You can use soda data checks, to test quality of your data in Features DataFrame.

Checks are written in Soda CL (Checks Language).

Soda CL Documentation

Documentation can be found here: https://docs.soda.io/soda-cl/soda-cl-overview.html

In the documentation checks start with definition that looks like checks for dim_product:

dim_product is the name of the DataFrame we want to check. Here you don’t have to define it, it’s done automatically by odap framework.

In case you run orchestration or dry run on more than one feature, features are first joined to one DataFrame and then the checks are ran on it.


YAML →Python

In provided documentation checks are in YAML format. To apply them on your features, they need to be rewritten to Python(json).

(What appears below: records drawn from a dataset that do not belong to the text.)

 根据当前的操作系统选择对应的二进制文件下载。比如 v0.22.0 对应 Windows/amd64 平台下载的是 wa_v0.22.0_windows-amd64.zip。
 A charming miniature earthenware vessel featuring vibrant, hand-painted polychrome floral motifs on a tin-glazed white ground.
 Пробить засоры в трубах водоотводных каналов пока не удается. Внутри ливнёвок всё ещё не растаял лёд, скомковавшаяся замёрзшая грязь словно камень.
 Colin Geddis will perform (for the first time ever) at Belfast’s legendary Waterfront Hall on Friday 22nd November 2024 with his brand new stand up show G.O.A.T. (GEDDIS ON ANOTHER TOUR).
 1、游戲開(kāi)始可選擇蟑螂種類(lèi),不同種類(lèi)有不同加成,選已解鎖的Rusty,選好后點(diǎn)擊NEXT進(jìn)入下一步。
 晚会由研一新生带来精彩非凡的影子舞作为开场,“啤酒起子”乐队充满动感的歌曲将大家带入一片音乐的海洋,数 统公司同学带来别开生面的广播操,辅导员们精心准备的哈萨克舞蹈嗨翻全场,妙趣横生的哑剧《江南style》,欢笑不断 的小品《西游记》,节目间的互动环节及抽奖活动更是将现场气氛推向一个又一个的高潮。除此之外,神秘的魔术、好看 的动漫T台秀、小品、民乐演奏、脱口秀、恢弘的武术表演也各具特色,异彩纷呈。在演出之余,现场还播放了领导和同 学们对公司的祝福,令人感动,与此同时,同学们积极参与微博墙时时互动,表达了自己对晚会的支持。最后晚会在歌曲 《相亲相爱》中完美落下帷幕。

<aside> 💡 To some sort of success an online YAML → python converter can be used.

</aside>

Example

Checks in YAML

checks for my_dataframe:
	- invalid_count(column_name) = 0:
		valid values: ['hodnota1', 'hodnota2', 'hodnota3']
	- missing_percent(web_visit_count) < 50%

Checks in Python

dq_checks = [
	{
		'invalid_count(column_name) = 0': {
	        "valid values": ["hodnota1", "hodnota2", "hodnota3"]
		}
	},
	'missing_percent(web_visit_count) < 50%'
]

How to define checks

You can define checks inside Feature Notebook by adding dq_checks list. In that list write needed checks in python syntax more in Soda CL Documentation.